Print version ISSN 0035-001X

Rev. mex. fis. vol.69 n.3 México May./Jun. 2023  Epub Sep 06, 2024

https://doi.org/10.31349/revmexfis.69.031101 

Medical physics

Analysis of factors that affect radiation dose level during interventional cardiology procedures using logistic regression

Edrees M. Harkia  b 

Z. S. Rashida 

a Physics Department, Education College, Salaheddin university-Erbil/ Kurdistan Region- Iraq. E-mail: edrees.nury@su.edu.krd

b Research center-Erbil Polytechnic University Kurdistan reign -Iraq.


Abstract

Interventional cardiology procedures (ICP) are considered some of the main medical procedures in which patients are exposed to high doses of radiation. The aim of this study was to examine how to control the level of radiation exposure and to analyze and study the factors affecting the increase in radiation exposure from the specified level using a regression method. The results correctly predicted that in 80.0 %, 90.5 %, and 95.2% of the cases, there were routine dose area product (DAP) levels, and in 64.3%, 33.3%, and 77.8% of cases, there were high levels of DAP, giving an overall percentage, correct prediction rate of 72.45%, 73.35%, and 90.0%, for coronary angiography (CA), percutaneous coronary intervention (PCI), and combined CA with PCI (CA/PCI), respectively. All the factors studied in this research, namely voltage (kV), current (mA). Fluoroscopy Time (FT) and Body Mass Index (BMI), have a significant relationship with the DAP level. We concluded that regression analysis is a reliable method for evaluating the user protocol in a center or hospital and identifying variables that have an effect on the dose area product level in interventional cardiology.

Keywords: Interventional cardiology; fluoroscopy; logistic regression

1. Introduction

Interventional cardiology procedures (ICP) are some of the major medical examination methods applied for the detection of cardiovascular diseases under fluoroscopic X-ray guidance to obtain images of the heart chambers, valves, and surrounding blood vessels [1]. The most frequently reported cardiac procedures by interventional fluoroscopy are coronary angiography (CA), percutaneous coronary intervention (PCI), and combined CA with PCI (CA/PCI) [2]. Due to the use of X-rays in interventional cardiac procedures, it is considered one of the main medical procedures in which patients are exposed to high doses of radiation.
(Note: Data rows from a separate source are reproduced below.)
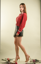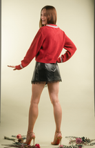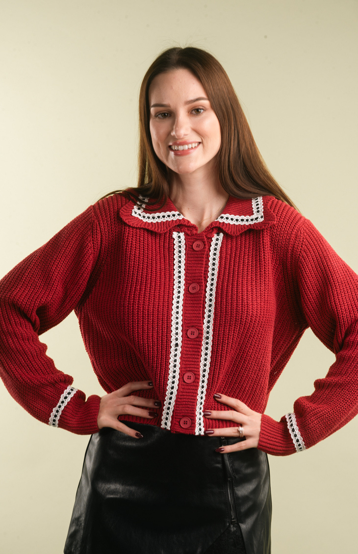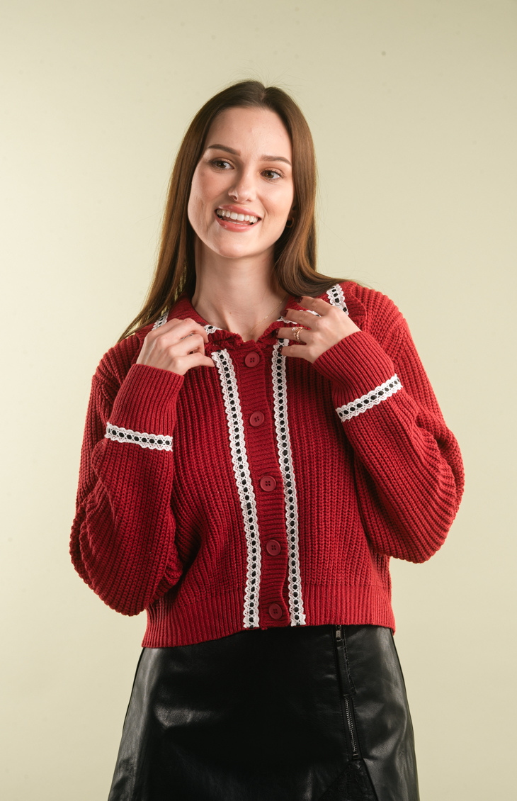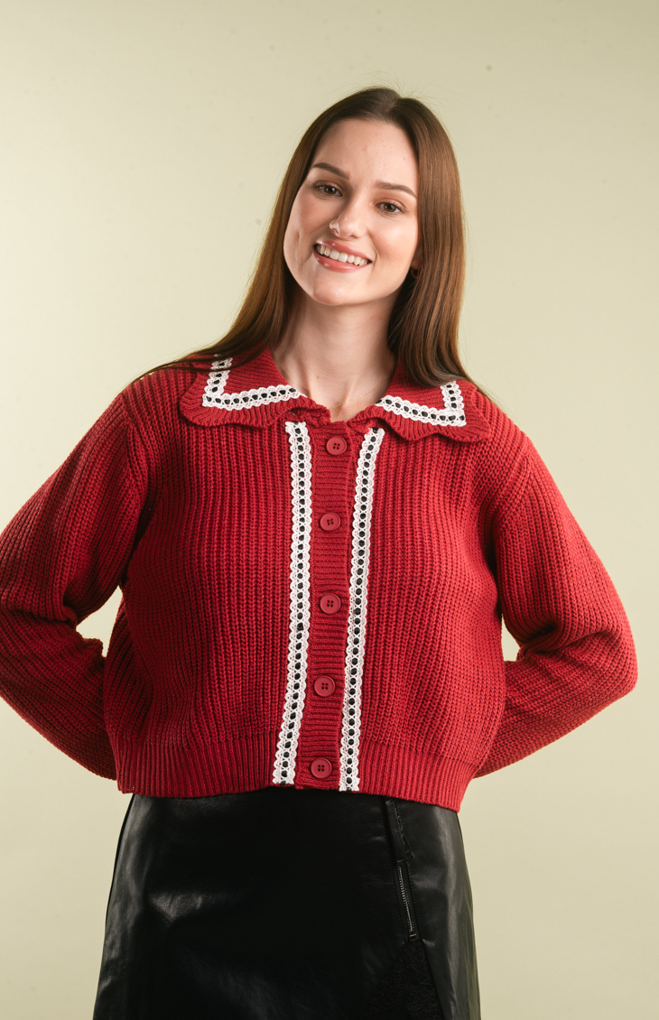 Elevate your layering game with the Ember Drift Sweater, featuring intricate lace accents along the button placket and collar. The rich red hue and ribbed texture add a bold statement to any outfit, making it a must-have for the season.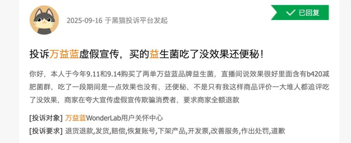 《国际金融报》记者注意到,多位消费者在社交平台反映服用该产品后对减肥并无帮助,甚至还出现肚子疼、体重倒增的现象。在黑猫投诉平台上搜索“万益蓝”关键字,出现1576条记录,不少投诉原因为“涉嫌虚假宣传”。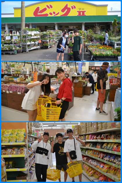 2組最後の訪問先,ビッグツー。奄美を代表する大型スーパーです。ここでお土産を買ったり、明日以降の飲み物を買ったりしました。買い物は旅行の楽しみの一つ。お小遣いの額を考えながら、真剣に何を買おうかと考えていました。ここで、4組と一緒になりました。

X-rays are ionizing radiation and pose a significant risk, with the main radiation-induced side effects being being skin injury (deterministic effect or tissue reaction) and increased cancer risk (stochastic effect) [3]. Therefore, more preventive measures and studies are needed to reduce the radiation dose. The radiation dose of the patient during interventional cardiology is influenced by three types of factors. First, the technical factors affecting the radiation dose (X-ray beam quality, X-ray geometry, X-ray beam limitation devices, and fluoroscopic and acquisition imaging dose rate settings). Second are procedure-related factors, which include the increase in the treatment of complex lesions, such as chronic total occlusions, because of improvements in techniques and PCI equipment. The third is the group of factors that are patient-related (body mass index (BMI), comorbidities, and seriousness of coronary artery disease) [4,5].

In general, for radiation protection and development of quality assurance programs, reference levels (RLs) were introduced by the International Commission on Radiological Protection. Establishing RLs for interventional cardiology is challenging because there are many factors influencing these procedures that lead to a wide dose distribution [6]. In interventional cardiology (IC), several research studies have focused on the dose area product for the establishment of reference levels and dose optimization [7,8]. However, literature data reveal that the most commonly studied parameters for cardiac interventions are BMI, fluoroscopy time (FT), peak skin dose, and dose area product (DAP) for each procedure [2-10].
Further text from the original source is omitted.